Escrebeme algo, unas palavras, para qué you diga. Soy actor. Tinha o tamanho do Fernando Arrabal, eu estava a olhar para ele, encantado. Perguntou se se podia sentar e conforme ia ouvindo a atriz ia reagindo e dizendo Qué bonitas son las tuyas palabras.
No fim ficou a conversar um pouco connosco e contou que era ator no Paquistão mas que cá não conhecia amigos e não conhece ninguém. Que fala muito com os burros mas que gostava de ter amigos como nós. Sensíveis. Que queria trabalhar e não queria dinheiro. Para eu lhe escrever umas palavras. Pediu à atriz para ela lhe dizer umas palavras para ele repetir. Ele repetiu uma frase do poema que ela vai repetindo como mote, na curta.
Os olhos dele brilhavam, e não era do álcool, era de alegria e inspiração. Depois falou num guru que tinha no Paquistão, que não tinha nenhum Deus, o guru. Era ateu. Contou que o sapo estava no meio do lago e que ele tinha medo e que o guru lhe tinha dito que Deus está na natureza. E o modo como ele imitou o sapo fui maravilhoso. Por fim ele disse que por vezes estava cansado da sua vida. Que já teria 42 anos quando agosto chegasse.

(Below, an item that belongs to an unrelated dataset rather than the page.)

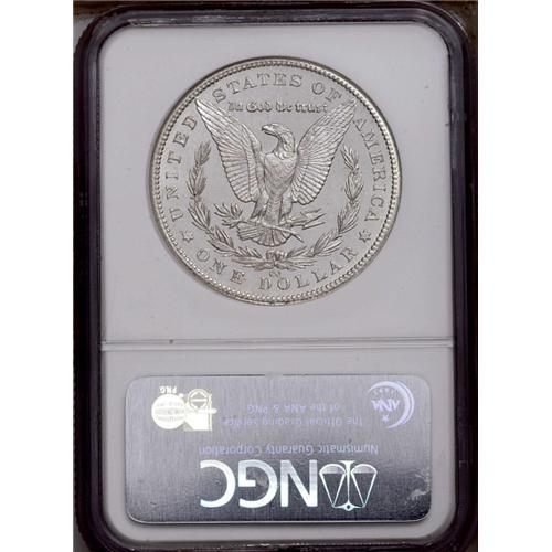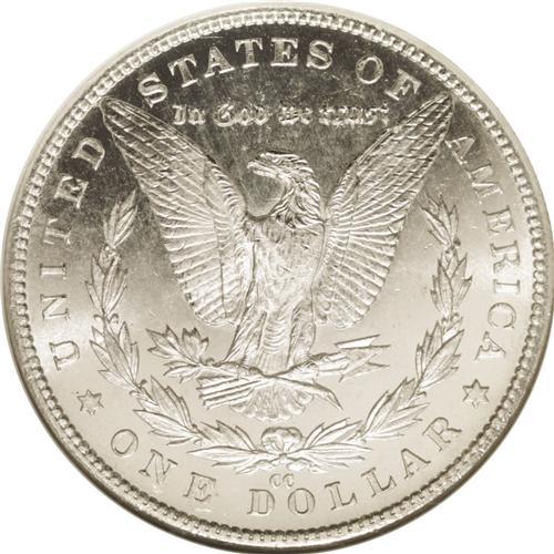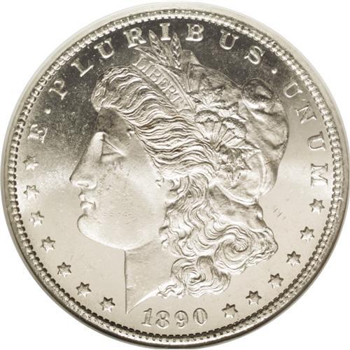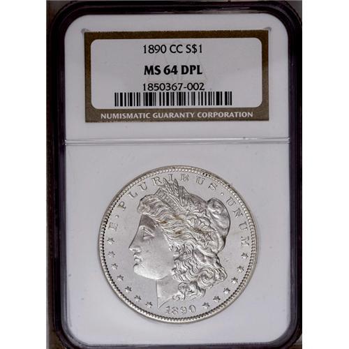 <B>1890-CC<img border='0' src='http://www.heritagecoins.com/images/star.gif' width=10 height=10>$1> MS64 Deep Mirror Prooflike NGC.</B></I> This pinpoint-sharp near-Gem delivers impressive contrast between the icy devices and the flashy mirrored fields. A hint of gold toning is found within Liberty's hair, but the clean surfaces are otherwise brilliant.

Pediu o meu contacto e eu dei-lho mas também lhe dei o de uma agência de figurantes para ele começar. Tinha deixado o telemóvel no trabalho. Ele. A atriz assentou num papel. Eu disse-lhe: tu és uma pessoa especial, por favor cuida de ti.

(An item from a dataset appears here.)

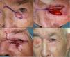 | Subtotal or full-thickness defects of the upper eyelid | Full-thickness rotation flaps from the lower eyelid with reconstruction of the lower eyelid using a rotation flap of skin from the cheek (Mustardé type) |

Parecia eu que estava a falar para mim quando ele respondeu: tu eres más. Fiquei arrepiado. Dei-lhe um abraço e respondi que isso não existe. Cada um é especial à sua maneira.
Si te llamo me escribis unas palabras?
Não resisti e disse: Está prometido.
Fiquei o resto do ensaio a pensar nele enquanto trabalhava A Carta da Corcunda para o Serralheiro e a Mémórias de um psicopata.
Depois um casal masculino subia umas escadas com um cão solto, um cão ao colo e a tentarem que um terceiro andasse. O que estava ao colo e o que não queria andar tinham saído à rua pela primeira vez. Tinham sido resgatados e estavam com medo de serem abandonados de novo.
Digamos que foi um dia para a ternura e a sensibilidade.
Agora tenho de olhar também à minha volta e ver se não perco!